## How to complete this task
Retype all of the entries exactly as they appear.
--------------------------------------------------
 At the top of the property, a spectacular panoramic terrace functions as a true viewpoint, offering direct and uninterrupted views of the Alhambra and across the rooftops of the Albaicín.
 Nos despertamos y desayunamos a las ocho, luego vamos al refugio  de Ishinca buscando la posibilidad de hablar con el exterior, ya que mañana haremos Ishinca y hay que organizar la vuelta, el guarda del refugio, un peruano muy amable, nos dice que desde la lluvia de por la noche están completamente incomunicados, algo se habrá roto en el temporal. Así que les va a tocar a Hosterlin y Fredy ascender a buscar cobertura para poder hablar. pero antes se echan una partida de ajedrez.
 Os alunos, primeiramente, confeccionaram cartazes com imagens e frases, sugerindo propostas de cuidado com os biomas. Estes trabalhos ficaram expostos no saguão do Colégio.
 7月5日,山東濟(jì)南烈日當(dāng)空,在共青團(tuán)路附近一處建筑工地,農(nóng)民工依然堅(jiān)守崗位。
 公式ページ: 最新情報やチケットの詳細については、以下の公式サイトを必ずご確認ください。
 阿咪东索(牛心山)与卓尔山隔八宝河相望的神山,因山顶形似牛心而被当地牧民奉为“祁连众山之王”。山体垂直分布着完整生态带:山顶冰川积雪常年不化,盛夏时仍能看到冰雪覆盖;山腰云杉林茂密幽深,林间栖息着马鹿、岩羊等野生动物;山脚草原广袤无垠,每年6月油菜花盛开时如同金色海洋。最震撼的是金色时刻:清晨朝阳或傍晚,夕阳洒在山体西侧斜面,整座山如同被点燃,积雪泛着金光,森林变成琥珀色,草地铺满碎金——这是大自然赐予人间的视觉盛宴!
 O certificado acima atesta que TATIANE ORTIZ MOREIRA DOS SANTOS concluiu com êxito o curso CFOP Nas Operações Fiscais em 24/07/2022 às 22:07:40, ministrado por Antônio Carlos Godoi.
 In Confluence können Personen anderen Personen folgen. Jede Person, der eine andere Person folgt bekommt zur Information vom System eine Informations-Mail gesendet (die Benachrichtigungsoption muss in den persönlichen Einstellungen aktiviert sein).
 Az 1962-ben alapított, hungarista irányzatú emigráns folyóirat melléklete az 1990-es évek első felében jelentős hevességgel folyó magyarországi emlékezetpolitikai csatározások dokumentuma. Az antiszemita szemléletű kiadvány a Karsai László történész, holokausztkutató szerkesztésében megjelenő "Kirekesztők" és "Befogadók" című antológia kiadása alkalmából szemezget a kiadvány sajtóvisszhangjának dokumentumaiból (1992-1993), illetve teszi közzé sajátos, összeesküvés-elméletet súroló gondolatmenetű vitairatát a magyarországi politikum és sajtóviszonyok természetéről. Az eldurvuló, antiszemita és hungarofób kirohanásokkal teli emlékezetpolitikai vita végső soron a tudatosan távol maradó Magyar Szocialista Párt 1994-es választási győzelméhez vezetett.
--------------------------------------------------
## Solution
 At the top of the property, a spectacular panoramic terrace functions as a true viewpoint, offering direct and uninterrupted views of the Alhambra and across the rooftops of the Albaicín.
 Nos despertamos y desayunamos a las ocho, luego vamos al refugio  de Ishinca buscando la posibilidad de hablar con el exterior, ya que mañana haremos Ishinca y hay que organizar la vuelta, el guarda del refugio, un peruano muy amable, nos dice que desde la lluvia de por la noche están completamente incomunicados, algo se habrá roto en el temporal. Así que les va a tocar a Hosterlin y Fredy ascender a buscar cobertura para poder hablar. pero antes se echan una partida de ajedrez.
 Os alunos, primeiramente, confeccionaram cartazes com imagens e frases, sugerindo propostas de cuidado com os biomas. Estes trabalhos ficaram expostos no saguão do Colégio.
 7月5日,山東濟(jì)南烈日當(dāng)空,在共青團(tuán)路附近一處建筑工地,農(nóng)民工依然堅(jiān)守崗位。
 公式ページ: 最新情報やチケットの詳細については、以下の公式サイトを必ずご確認ください。
 阿咪东索(牛心山)与卓尔山隔八宝河相望的神山,因山顶形似牛心而被当地牧民奉为“祁连众山之王”。山体垂直分布着完整生态带:山顶冰川积雪常年不化,盛夏时仍能看到冰雪覆盖;山腰云杉林茂密幽深,林间栖息着马鹿、岩羊等野生动物;山脚草原广袤无垠,每年6月油菜花盛开时如同金色海洋。最震撼的是金色时刻:清晨朝阳或傍晚,夕阳洒在山体西侧斜面,整座山如同被点燃,积雪泛着金光,森林变成琥珀色,草地铺满碎金——这是大自然赐予人间的视觉盛宴!
 O certificado acima atesta que TATIANE ORTIZ MOREIRA DOS SANTOS concluiu com êxito o curso CFOP Nas Operações Fiscais em 24/07/2022 às 22:07:40, ministrado por Antônio Carlos Godoi.
 In Confluence können Personen anderen Personen folgen. Jede Person, der eine andere Person folgt bekommt zur Information vom System eine Informations-Mail gesendet (die Benachrichtigungsoption muss in den persönlichen Einstellungen aktiviert sein).
 Az 1962-ben alapított, hungarista irányzatú emigráns folyóirat melléklete az 1990-es évek első felében jelentős hevességgel folyó magyarországi emlékezetpolitikai csatározások dokumentuma. Az antiszemita szemléletű kiadvány a Karsai László történész, holokausztkutató szerkesztésében megjelenő "Kirekesztők" és "Befogadók" című antológia kiadása alkalmából szemezget a kiadvány sajtóvisszhangjának dokumentumaiból (1992-1993), illetve teszi közzé sajátos, összeesküvés-elméletet súroló gondolatmenetű vitairatát a magyarországi politikum és sajtóviszonyok természetéről. Az eldurvuló, antiszemita és hungarofób kirohanásokkal teli emlékezetpolitikai vita végső soron a tudatosan távol maradó Magyar Szocialista Párt 1994-es választási győzelméhez vezetett.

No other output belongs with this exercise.